If two parallel lines are reduced by a transversal, then corresponding angles are congruent. THIS IS BICONDITIONAL (converse is true): Corresponding Angles Converse Postulate
If two parallel lines are cut by a transversal, then the alternative inner angles are congruent. THIS IS BICONDITIONAL (converse is true): Alternate Interior Angles Converse Theorem
If 2 parallel lines are reduced by a transversal, then the alternative exterior angles are congruent. THIS IS BICONDITIONAL (converse is true): Alternative Exterior Angles Converse Theorem
If two parallel lines are cut by a transversal, then the consecutive (exact same side) inner angles are supplementary.
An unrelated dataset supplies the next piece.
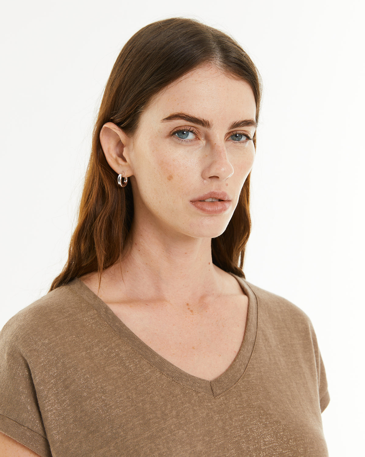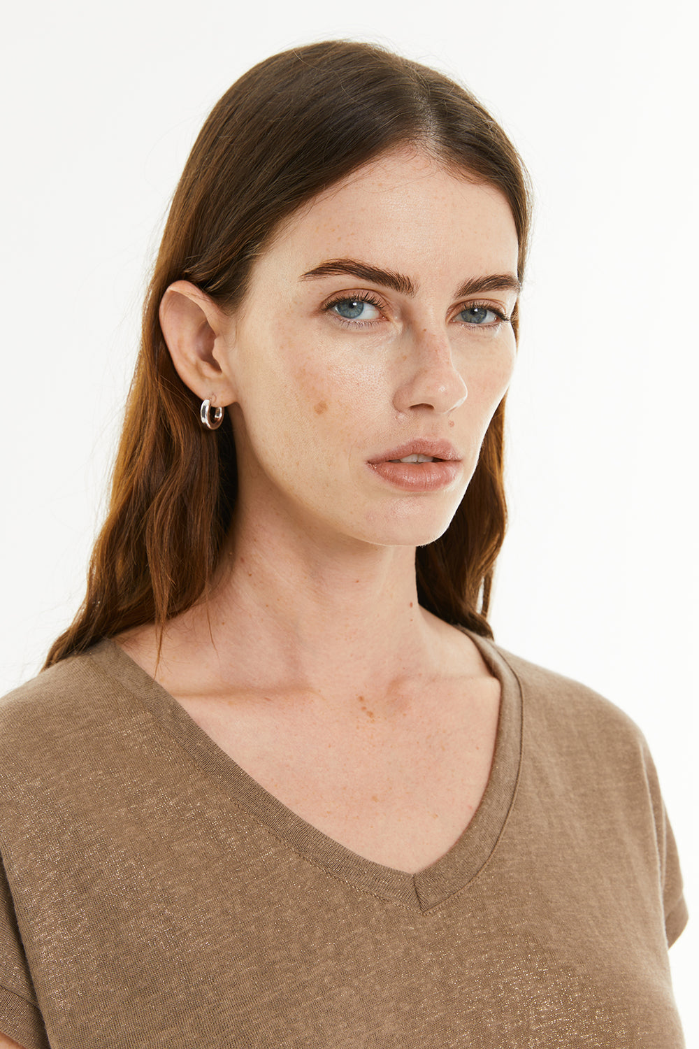 Camiseta escote pico con detalle foil

THIS IS BICONDITIONAL (converse is true): Consecutive Interior Angles Converse Theorem
Parallel lines have actually equal slopes (biconditional true: if 2 lines have equal slopes, then they are parallel)
If 2 lines are perpendicular lines then their slopes have actually a product of -1 (the slopes are negative reciprocals of each other) (biconditional true: if the product of the slopes of two lines is -1, then the lines are perpendicular)
Formula to uncover the equation of a line provided the slope of the line (m) and a suggest on the line (x1, y1): y - y1 = m(x - x1)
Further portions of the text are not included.